● **GIVEN INFORMATION**:
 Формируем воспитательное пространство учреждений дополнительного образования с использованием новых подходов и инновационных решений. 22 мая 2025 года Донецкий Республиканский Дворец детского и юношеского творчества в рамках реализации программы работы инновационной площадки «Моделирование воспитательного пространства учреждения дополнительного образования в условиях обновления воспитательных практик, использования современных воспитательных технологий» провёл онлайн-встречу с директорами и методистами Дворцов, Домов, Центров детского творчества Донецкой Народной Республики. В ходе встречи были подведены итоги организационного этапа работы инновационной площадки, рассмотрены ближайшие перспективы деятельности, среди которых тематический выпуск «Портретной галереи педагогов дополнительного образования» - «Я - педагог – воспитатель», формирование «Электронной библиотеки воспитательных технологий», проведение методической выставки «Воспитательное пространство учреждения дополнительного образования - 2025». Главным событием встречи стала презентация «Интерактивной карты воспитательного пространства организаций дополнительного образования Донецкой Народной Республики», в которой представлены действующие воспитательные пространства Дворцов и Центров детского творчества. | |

--

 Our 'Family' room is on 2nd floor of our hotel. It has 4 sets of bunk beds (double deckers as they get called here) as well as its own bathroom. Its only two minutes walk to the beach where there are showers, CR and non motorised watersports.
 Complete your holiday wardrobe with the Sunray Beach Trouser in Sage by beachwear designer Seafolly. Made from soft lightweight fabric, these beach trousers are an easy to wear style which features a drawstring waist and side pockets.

● **INSTRUCTIONS TO FOLLOW**:
Everything starting at the line containing "Our 'Family' room" and ending at the line containing "Complete your holiday" in the records above should be repeated exactly, and only that.

● **SOLUTION FOR THIS PROBLEM**:
 Our 'Family' room is on 2nd floor of our hotel. It has 4 sets of bunk beds (double deckers as they get called here) as well as its own bathroom. Its only two minutes walk to the beach where there are showers, CR and non motorised watersports.
 Complete your holiday wardrobe with the Sunray Beach Trouser in Sage by beachwear designer Seafolly. Made from soft lightweight fabric, these beach trousers are an easy to wear style which features a drawstring waist and side pockets.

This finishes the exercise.